(Beginning of Data provided)
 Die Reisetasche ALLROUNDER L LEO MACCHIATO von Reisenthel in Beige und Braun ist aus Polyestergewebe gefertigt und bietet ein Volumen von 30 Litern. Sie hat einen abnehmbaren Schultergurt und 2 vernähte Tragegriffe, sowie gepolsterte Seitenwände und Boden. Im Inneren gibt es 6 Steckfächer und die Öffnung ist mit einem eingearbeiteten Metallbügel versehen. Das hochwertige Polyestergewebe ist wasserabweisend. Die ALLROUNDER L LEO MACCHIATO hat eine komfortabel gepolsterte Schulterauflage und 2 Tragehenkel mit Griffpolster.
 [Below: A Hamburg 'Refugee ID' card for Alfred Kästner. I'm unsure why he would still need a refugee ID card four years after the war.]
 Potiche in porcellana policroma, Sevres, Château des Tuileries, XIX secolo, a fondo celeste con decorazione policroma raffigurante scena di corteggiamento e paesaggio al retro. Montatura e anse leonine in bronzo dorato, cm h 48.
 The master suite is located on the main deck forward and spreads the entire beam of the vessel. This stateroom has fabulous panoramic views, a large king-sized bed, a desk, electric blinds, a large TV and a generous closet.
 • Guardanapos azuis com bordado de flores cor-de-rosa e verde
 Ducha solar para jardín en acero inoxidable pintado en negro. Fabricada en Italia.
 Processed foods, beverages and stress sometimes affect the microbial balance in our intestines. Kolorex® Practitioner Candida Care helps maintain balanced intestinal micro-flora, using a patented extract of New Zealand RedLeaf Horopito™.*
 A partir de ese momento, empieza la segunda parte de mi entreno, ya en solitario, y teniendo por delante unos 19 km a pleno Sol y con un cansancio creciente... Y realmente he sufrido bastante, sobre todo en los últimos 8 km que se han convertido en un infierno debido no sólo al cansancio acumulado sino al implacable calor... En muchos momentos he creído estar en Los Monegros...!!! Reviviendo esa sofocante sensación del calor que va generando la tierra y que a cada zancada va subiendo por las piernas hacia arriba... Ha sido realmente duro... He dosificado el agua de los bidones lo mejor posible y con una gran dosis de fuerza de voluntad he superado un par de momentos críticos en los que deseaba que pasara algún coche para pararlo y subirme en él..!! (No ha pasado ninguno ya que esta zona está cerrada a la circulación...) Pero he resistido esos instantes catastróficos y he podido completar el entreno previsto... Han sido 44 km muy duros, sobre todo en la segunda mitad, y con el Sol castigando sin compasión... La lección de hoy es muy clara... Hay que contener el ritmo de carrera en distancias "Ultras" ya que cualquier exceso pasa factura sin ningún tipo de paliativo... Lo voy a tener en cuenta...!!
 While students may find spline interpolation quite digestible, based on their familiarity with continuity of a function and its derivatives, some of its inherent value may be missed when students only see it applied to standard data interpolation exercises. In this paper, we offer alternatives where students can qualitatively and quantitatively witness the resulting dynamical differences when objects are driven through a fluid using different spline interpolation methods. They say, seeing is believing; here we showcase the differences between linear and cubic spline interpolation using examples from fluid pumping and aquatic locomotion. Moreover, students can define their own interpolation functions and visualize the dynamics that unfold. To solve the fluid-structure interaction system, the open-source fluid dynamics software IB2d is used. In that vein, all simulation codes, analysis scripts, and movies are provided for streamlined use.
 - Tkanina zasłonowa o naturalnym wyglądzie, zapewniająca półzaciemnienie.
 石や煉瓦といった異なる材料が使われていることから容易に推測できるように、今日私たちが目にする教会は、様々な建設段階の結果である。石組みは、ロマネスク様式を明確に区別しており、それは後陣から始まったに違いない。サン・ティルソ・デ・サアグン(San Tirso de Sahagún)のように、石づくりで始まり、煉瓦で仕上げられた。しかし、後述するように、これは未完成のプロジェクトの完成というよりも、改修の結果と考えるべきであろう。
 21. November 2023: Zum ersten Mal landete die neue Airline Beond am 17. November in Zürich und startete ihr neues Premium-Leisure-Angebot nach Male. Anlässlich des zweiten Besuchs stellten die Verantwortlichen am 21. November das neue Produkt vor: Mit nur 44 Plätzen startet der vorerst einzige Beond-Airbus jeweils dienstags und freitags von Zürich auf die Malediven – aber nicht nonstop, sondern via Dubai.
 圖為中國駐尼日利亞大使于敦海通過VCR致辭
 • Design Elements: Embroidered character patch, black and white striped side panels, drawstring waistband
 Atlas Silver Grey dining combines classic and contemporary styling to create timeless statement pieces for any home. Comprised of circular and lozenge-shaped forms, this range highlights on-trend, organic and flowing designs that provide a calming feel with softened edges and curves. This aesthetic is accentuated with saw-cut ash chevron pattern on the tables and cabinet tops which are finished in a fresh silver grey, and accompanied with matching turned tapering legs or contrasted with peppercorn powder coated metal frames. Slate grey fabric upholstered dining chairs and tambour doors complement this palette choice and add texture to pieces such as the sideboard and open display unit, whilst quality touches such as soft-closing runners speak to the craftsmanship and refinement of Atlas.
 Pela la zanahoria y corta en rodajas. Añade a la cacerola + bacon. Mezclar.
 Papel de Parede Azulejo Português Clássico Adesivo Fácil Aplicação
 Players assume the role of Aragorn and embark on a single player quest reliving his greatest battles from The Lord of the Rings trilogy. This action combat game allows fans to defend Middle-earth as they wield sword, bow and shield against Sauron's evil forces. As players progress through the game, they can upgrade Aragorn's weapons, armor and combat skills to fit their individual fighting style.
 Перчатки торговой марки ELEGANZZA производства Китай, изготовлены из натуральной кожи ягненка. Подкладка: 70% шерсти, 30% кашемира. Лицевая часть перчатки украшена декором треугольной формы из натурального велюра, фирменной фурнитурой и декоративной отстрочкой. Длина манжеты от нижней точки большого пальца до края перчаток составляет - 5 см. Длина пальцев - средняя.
(End of Data provided)
▶ Work order
When the line with "圖為中國駐尼日利亞大使于敦海通過VCR致辭" is reached in the data above, start copying there, and copy each line exactly until the line with "Papel de Parede" has been copied; copy nothing else.

▶ Your response
 圖為中國駐尼日利亞大使于敦海通過VCR致辭
 • Design Elements: Embroidered character patch, black and white striped side panels, drawstring waistband
 Atlas Silver Grey dining combines classic and contemporary styling to create timeless statement pieces for any home. Comprised of circular and lozenge-shaped forms, this range highlights on-trend, organic and flowing designs that provide a calming feel with softened edges and curves. This aesthetic is accentuated with saw-cut ash chevron pattern on the tables and cabinet tops which are finished in a fresh silver grey, and accompanied with matching turned tapering legs or contrasted with peppercorn powder coated metal frames. Slate grey fabric upholstered dining chairs and tambour doors complement this palette choice and add texture to pieces such as the sideboard and open display unit, whilst quality touches such as soft-closing runners speak to the craftsmanship and refinement of Atlas.
 Pela la zanahoria y corta en rodajas. Añade a la cacerola + bacon. Mezclar.
 Papel de Parede Azulejo Português Clássico Adesivo Fácil Aplicação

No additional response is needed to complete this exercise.